TASK REQUIREMENTS: Exact copy, no pictures: set down every entry below as written.

══ RECORDS FOR THIS TASK ══

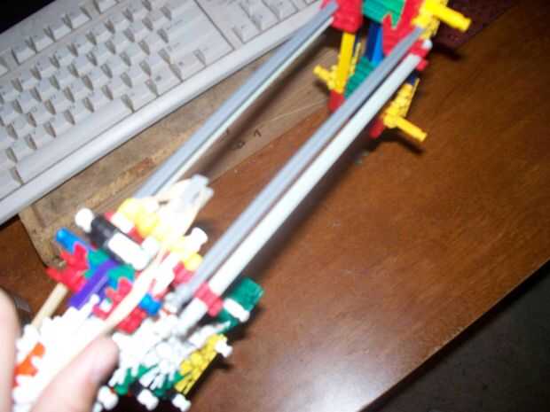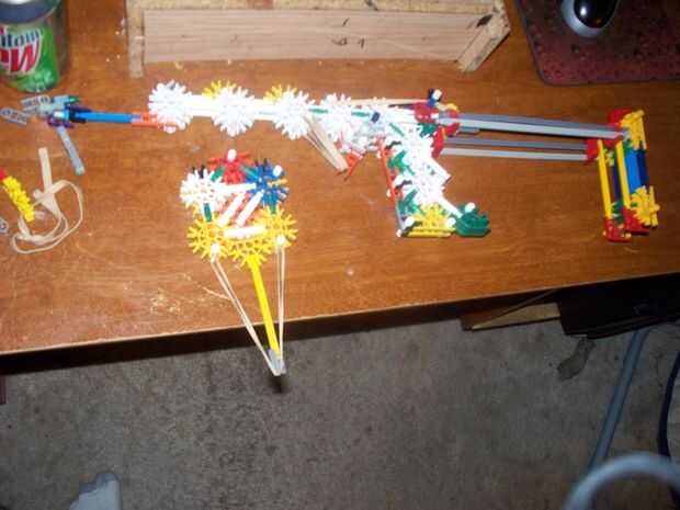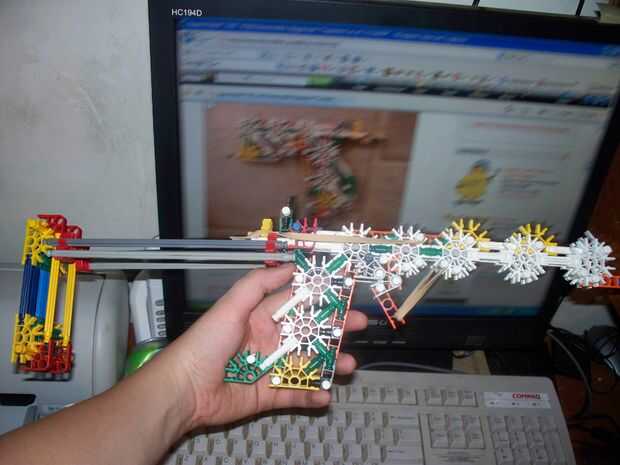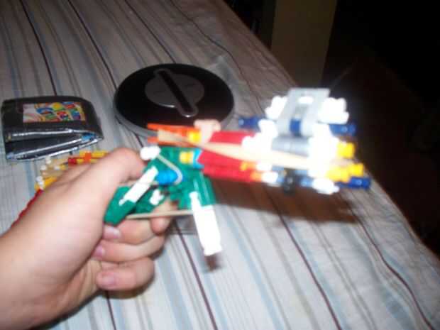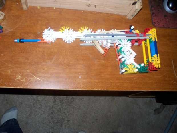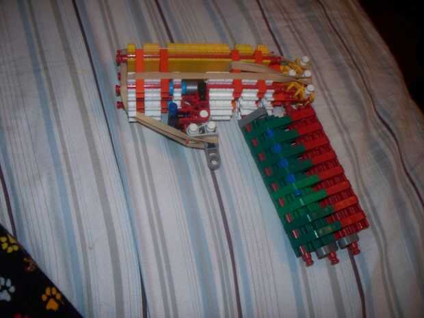 este es mi primer instructable. No es muy potente pero va a tirar unos 15 pies fotografiar barras verdes poco.Ah y perdón por las fotos mal.Paso 1: piezas a conectores:2 naranja13 verdebarras:2 verde (incluyendo 1 de munición)2 rojo4 azul1 amarilloot
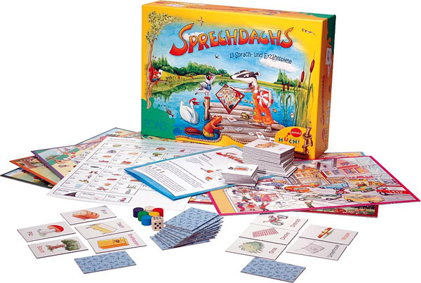 Съдържание/ материал: 13 говорни и разказвателни игри за максимум 6 играчи на 5 години и повече, 6 детайлни картини, 120 карти с картинки, 1 табло с азбуката (латиница), 9 карти с предлози, инструкции, 1 зарче, 6 пешки
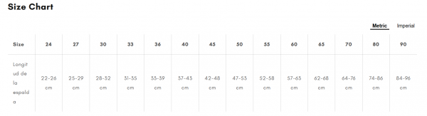 Está disponible en varios colores y tallas (desde 24 hasta 90 cm de cruz de espalda), adaptándose a perros de diferentes morfologías y tamaños.
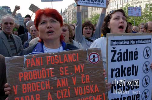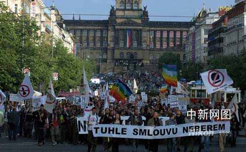 捷克首都布拉格5月5日再次爆发反对美国在捷克设立反导雷达基地的游行示威。大约1500名示威者展示“这个协定我们不接受”等标语从瓦茨拉夫广场出发穿越市中心,举行反对美国在捷克设立反导雷达基地的游行。(黄频 摄)
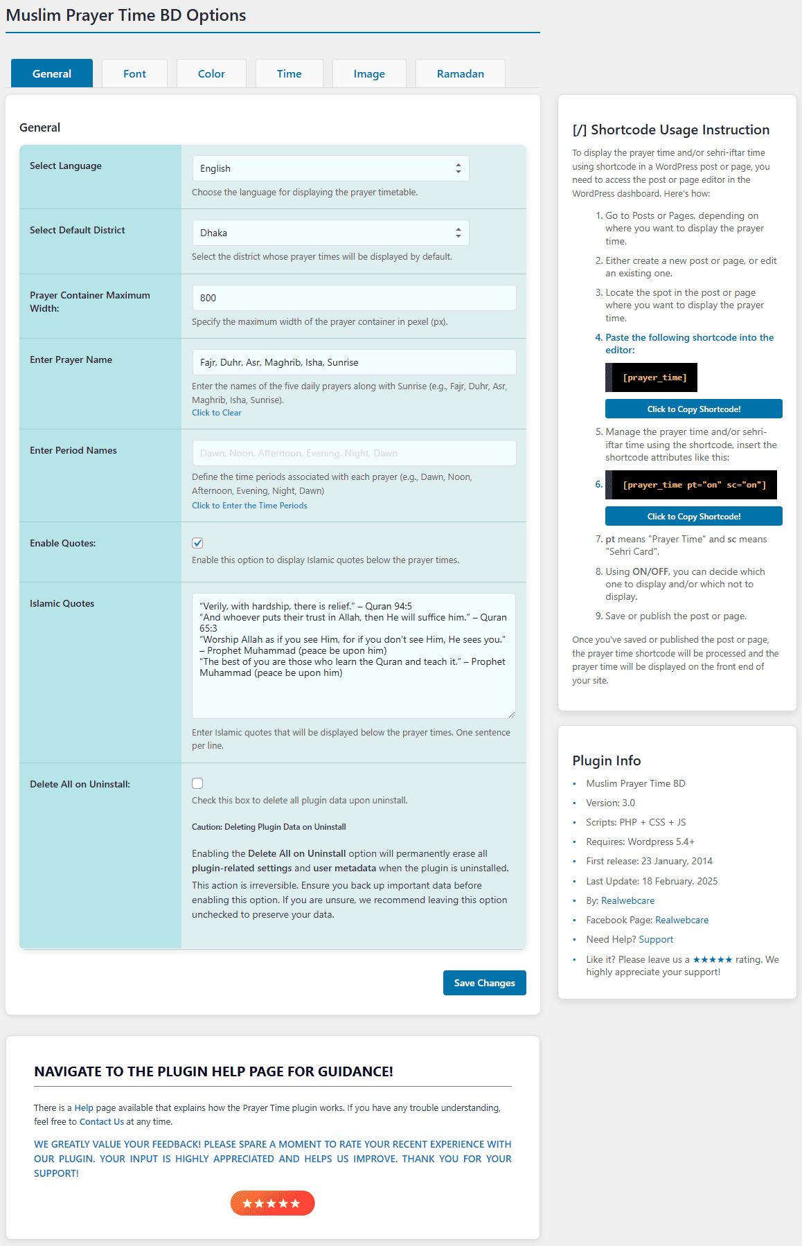 ctandqtshortcode attributes, new customization options for font size, color, and weight for prayer times and Islamic quotes, and a redesigned admin interface. Please refer to the Instructions after upgrading to version 3.0 section for details on settings changes. -
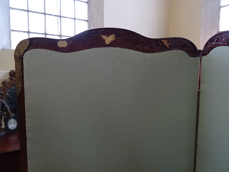 Here is a Chinese carved hardwood framed 4 fold draught screen. Grass and bone decoration and upholstered panels. Measures 5'9'' high, each panel is 2' wide. Good condition.
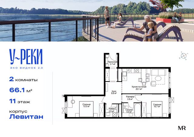 Прямая продажа от застройщика. Продаётся 2-комнатная квартира общей площадью 60.80 м² с предчистовой отделкой в ЖК "У реки. Эко Видное 2.0" на 11-м этаже корпуса Нестеров. Все корпуса введены в эксплуатацию. Выдача ключей - I кв. 2025г. Жилой комплекс "У реки" - уникальный проект комфорт-класса, в котором применяются стандарты строительства и сервиса MR, характерные для проектов девелопера бизнес и премиум-классов. 17-этажный корпус "Нестеров" расположится на живописном берегу реки Купелинка. Из его квартир откроются захватывающие виды на реку и лес на её противоположном берегу. О проекте: - 5 корпусов переменной этажности; - 8 км от МКАД, 30 минут до метро "Домодедовская", в 2025 года запланировано открытие станции МЦД-5 (дорога по Павелецкого вокзала займёт 30 минут); - Безопасные дворы с детскими и спортивными площадками для разных возрастов; - Собственная набережная с променадом, местами для пикников и рыбалки; - Два детских сада и школа на территории; - Развитая инфраструктура района; - Отделка MR Base (white box) Компания MR предлагает своим клиентам специальные условия приобретения квартир в рамках программ ипотечного кредитования от банков-партнеров.
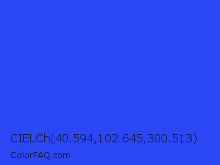 CIELCh 40.594,102.645,300.513 Color is a normal blue color and the nearest color is Palatinate Blue #273be2. Hex code #2b47f5 and RGB value is rgb(43,71,245). In RGB color space, this color is composed of 17% red, 28% green, 96% blue, In CMYK color space, this color is composed of 82% cyan, 71% magenta, 0% yellow , 4% black , In HSL color space, this color has a hue angle of 232° , 91% saturation and 56% lightness.
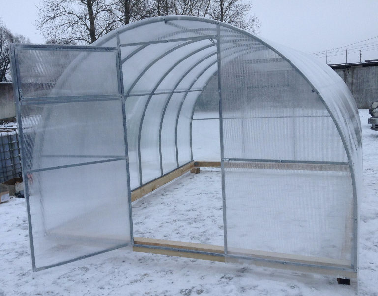 имеет ширину от 3 м до 3,5 м, поэтому ее площадь на 15% больше чем у 3-метровых аналогов. Высота 2 м. Теплица изготовлена из замкнутой оцинкованной трубы сечением 20х20 мм, либо 40х20, толщина стенки 0.8 мм. Дуги устанавливаются с шагом от 0.67 м до 0.5 м. Дуги изготавливаются цельными и соответственно имеют большую прочность и жесткость в отличие от разборных аналогов. Каркас выдерживает снеговую нагрузку не менее 180 кг/м2. Максимальная снеговая нагрузка для г. Гомеля 130 кг/м2. Теплица не требует уборки на зиму и очистки от снега. Теплица может устанавливаться как на фундамент, так и на землю. В комплекте фурнитура для крепления. Возможно изготовление теплицы из трубы 20х20 мм с толщиной стенки 2.0 мм либо с профтрубы 40х20 мм. черного металла. В этом случае стоимость теплицы будет выше на 150 р. (4 м), 200 р. (6 м), 250 р.(8 м), 300 р. (10 м), 350 р. (12 м). Также по желанию клиента дополнительно укомплектуем теплицу стеллажами, доп. форточками, новый товар.
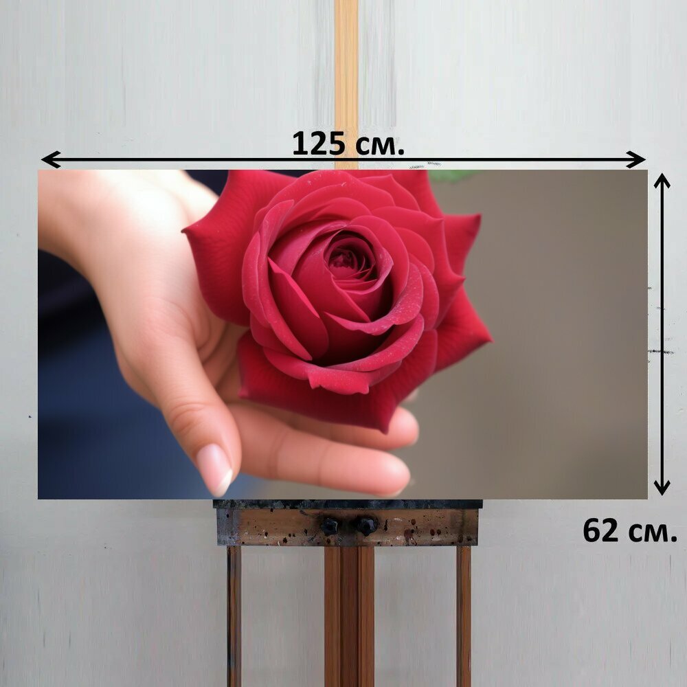Купить Картина на ОСП любителям природы "Цветы, роза, на ладони" 125x62 см. для интерьера на стену

═══

OUTPUT BELOW:
 este es mi primer instructable. No es muy potente pero va a tirar unos 15 pies fotografiar barras verdes poco.Ah y perdón por las fotos mal.Paso 1: piezas a conectores:2 naranja13 verdebarras:2 verde (incluyendo 1 de munición)2 rojo4 azul1 amarilloot
 Съдържание/ материал: 13 говорни и разказвателни игри за максимум 6 играчи на 5 години и повече, 6 детайлни картини, 120 карти с картинки, 1 табло с азбуката (латиница), 9 карти с предлози, инструкции, 1 зарче, 6 пешки
 Está disponible en varios colores y tallas (desde 24 hasta 90 cm de cruz de espalda), adaptándose a perros de diferentes morfologías y tamaños.
 捷克首都布拉格5月5日再次爆发反对美国在捷克设立反导雷达基地的游行示威。大约1500名示威者展示“这个协定我们不接受”等标语从瓦茨拉夫广场出发穿越市中心,举行反对美国在捷克设立反导雷达基地的游行。(黄频 摄)
 ctandqtshortcode attributes, new customization options for font size, color, and weight for prayer times and Islamic quotes, and a redesigned admin interface. Please refer to the Instructions after upgrading to version 3.0 section for details on settings changes. -
 Here is a Chinese carved hardwood framed 4 fold draught screen. Grass and bone decoration and upholstered panels. Measures 5'9'' high, each panel is 2' wide. Good condition.
 Прямая продажа от застройщика. Продаётся 2-комнатная квартира общей площадью 60.80 м² с предчистовой отделкой в ЖК "У реки. Эко Видное 2.0" на 11-м этаже корпуса Нестеров. Все корпуса введены в эксплуатацию. Выдача ключей - I кв. 2025г. Жилой комплекс "У реки" - уникальный проект комфорт-класса, в котором применяются стандарты строительства и сервиса MR, характерные для проектов девелопера бизнес и премиум-классов. 17-этажный корпус "Нестеров" расположится на живописном берегу реки Купелинка. Из его квартир откроются захватывающие виды на реку и лес на её противоположном берегу. О проекте: - 5 корпусов переменной этажности; - 8 км от МКАД, 30 минут до метро "Домодедовская", в 2025 года запланировано открытие станции МЦД-5 (дорога по Павелецкого вокзала займёт 30 минут); - Безопасные дворы с детскими и спортивными площадками для разных возрастов; - Собственная набережная с променадом, местами для пикников и рыбалки; - Два детских сада и школа на территории; - Развитая инфраструктура района; - Отделка MR Base (white box) Компания MR предлагает своим клиентам специальные условия приобретения квартир в рамках программ ипотечного кредитования от банков-партнеров.
 CIELCh 40.594,102.645,300.513 Color is a normal blue color and the nearest color is Palatinate Blue #273be2. Hex code #2b47f5 and RGB value is rgb(43,71,245). In RGB color space, this color is composed of 17% red, 28% green, 96% blue, In CMYK color space, this color is composed of 82% cyan, 71% magenta, 0% yellow , 4% black , In HSL color space, this color has a hue angle of 232° , 91% saturation and 56% lightness.
 имеет ширину от 3 м до 3,5 м, поэтому ее площадь на 15% больше чем у 3-метровых аналогов. Высота 2 м. Теплица изготовлена из замкнутой оцинкованной трубы сечением 20х20 мм, либо 40х20, толщина стенки 0.8 мм. Дуги устанавливаются с шагом от 0.67 м до 0.5 м. Дуги изготавливаются цельными и соответственно имеют большую прочность и жесткость в отличие от разборных аналогов. Каркас выдерживает снеговую нагрузку не менее 180 кг/м2. Максимальная снеговая нагрузка для г. Гомеля 130 кг/м2. Теплица не требует уборки на зиму и очистки от снега. Теплица может устанавливаться как на фундамент, так и на землю. В комплекте фурнитура для крепления. Возможно изготовление теплицы из трубы 20х20 мм с толщиной стенки 2.0 мм либо с профтрубы 40х20 мм. черного металла. В этом случае стоимость теплицы будет выше на 150 р. (4 м), 200 р. (6 м), 250 р.(8 м), 300 р. (10 м), 350 р. (12 м). Также по желанию клиента дополнительно укомплектуем теплицу стеллажами, доп. форточками, новый товар.
Купить Картина на ОСП любителям природы "Цветы, роза, на ладони" 125x62 см. для интерьера на стену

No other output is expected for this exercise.